Daily Sepsis Research Analysis
Analyzed 27 papers and selected 3 impactful papers.
Summary
Three papers advance sepsis science across mechanisms and translation: (1) A translational study identifies acyl-CoA–binding protein (ACBP/DBI) as a biomarker and mechanistic amplifier of sepsis and shows that its neutralization improves survival in multiple models. (2) A large proteogenomic analysis provides human genetic evidence that higher circulating alpha-1 antitrypsin (AAT) causally protects against sepsis. (3) Infusing the cholesterol precursor mevalonate paradoxically worsens sepsis-induced hypocholesterolemia in mice, refining lipid-pathway targeting in sepsis.
Research Themes
- Immunometabolic drivers and therapeutic targets in sepsis
- Human genetics and proteomics to identify causal pathways and repurposing opportunities
- Lipid metabolism dysregulation and endocrine-immune crosstalk in sepsis
Selected Articles
1. Acyl-CoA-binding protein (ACBP): a poor-prognosis biomarker in sepsis and a target for disease mitigation.
Plasma ACBP/DBI is elevated in sepsis and associates with organ dysfunction and mortality. Genetic deletion or antibody neutralization of ACBP/DBI reduces cytokine storm, restores thermoregulation, improves bacterial clearance, and lowers mortality across endotoxemia, E. coli, and polymicrobial sepsis models, with additive benefit when combined with glucocorticoids.
Impact: This study identifies ACBP/DBI as a mechanistic amplifier of sepsis and demonstrates that its neutralization confers survival benefit in multiple validated models, nominating a tractable therapeutic target.
Clinical Implications: ACBP/DBI could serve as a prognostic biomarker and a therapeutic target.

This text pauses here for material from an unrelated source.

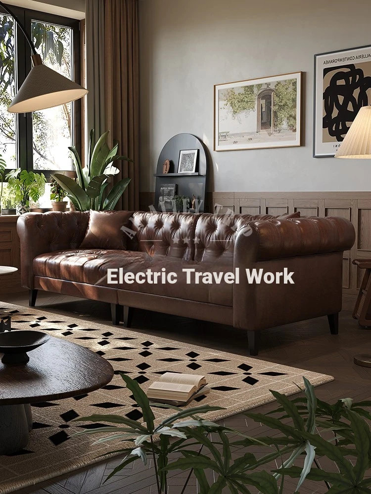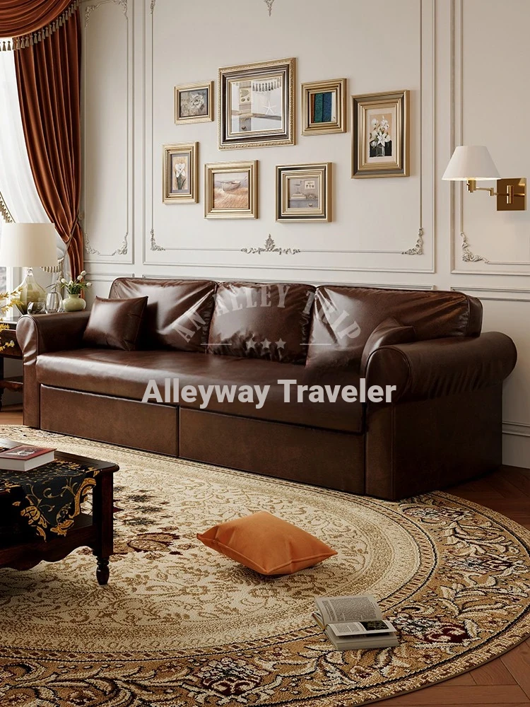 Vintage American Style Hector Sofa - Retro Leather Sofa for Villas and Small Living Rooms, Perfect for a Cozy Ambiance

Antibody-based ACBP/DBI neutralization, potentially combined with corticosteroids, warrants clinical translation and may redefine adjunctive therapy in septic shock.
Key Findings
- Plasma ACBP/DBI levels are elevated in septic patients and correlate with organ dysfunction and mortality.

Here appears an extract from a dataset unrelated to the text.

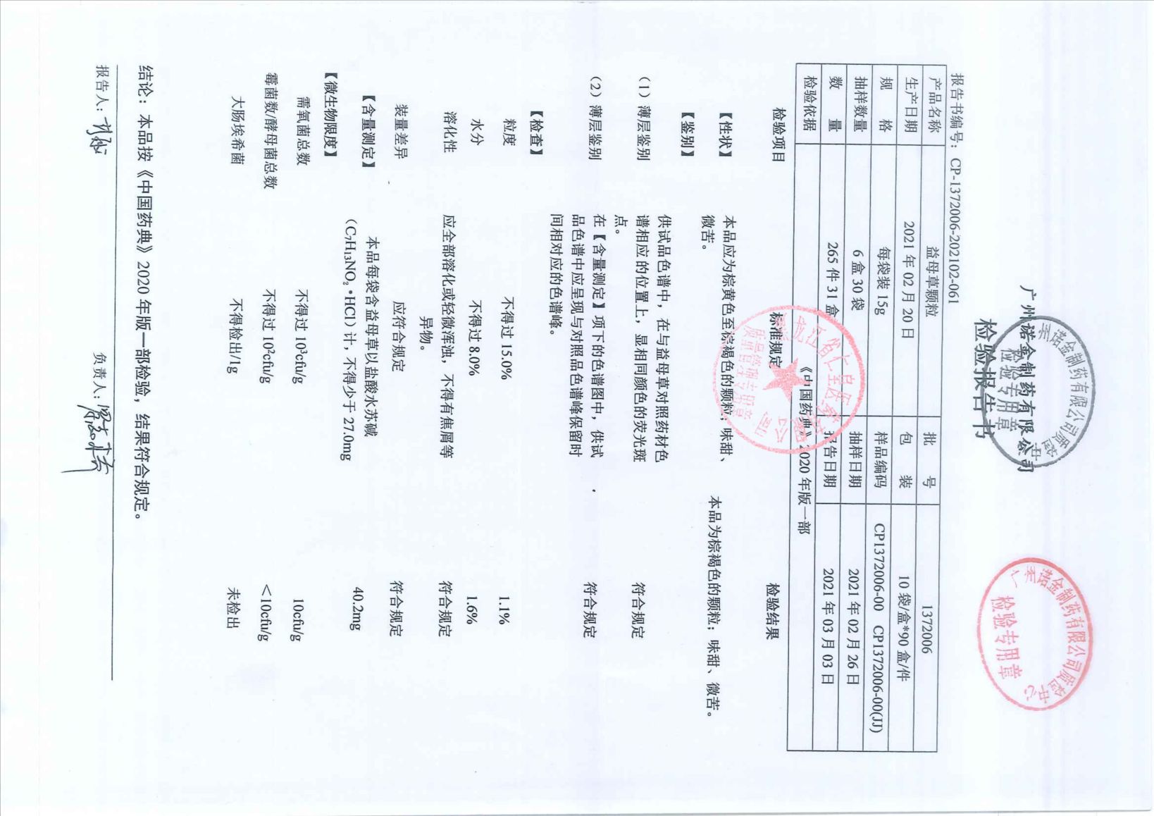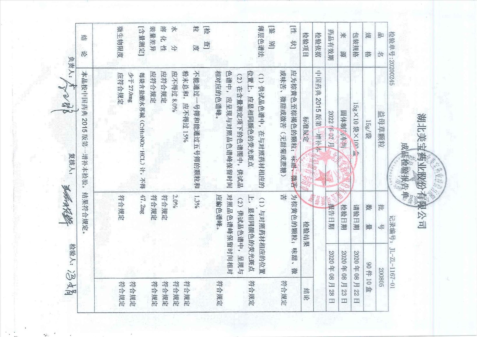 益母草颗粒20080

- Genetic deletion or monoclonal antibody neutralization of ACBP/DBI mitigates cytokine storm, preserves organ function, restores thermoregulation, and reduces mortality in endotoxemia, E. coli, and polymicrobial sepsis models.
- ACBP/DBI inhibition enhances bacterial clearance by macrophages and granulocytes; combination with glucocorticoids further improves survival and reverses multi-organ shock signatures.
Methodological Strengths
- Translational integration of human biomarker data with multiple in vivo sepsis models (endotoxemia, monomicrobial, polymicrobial).
- Orthogonal target validation using both genetic deletion and monoclonal antibody neutralization, supported by high-dimensional immunophenotyping.
Limitations
- Preclinical efficacy without human interventional trial data; translational gaps remain.
- Safety, off-target effects, and optimal dosing of ACBP/DBI neutralization are uncharacterized in humans.
Future Directions: Conduct first-in-human dose-escalation studies of ACBP/DBI neutralizing antibodies with biomarker-guided enrichment; evaluate combinations with corticosteroids and standard care in septic shock.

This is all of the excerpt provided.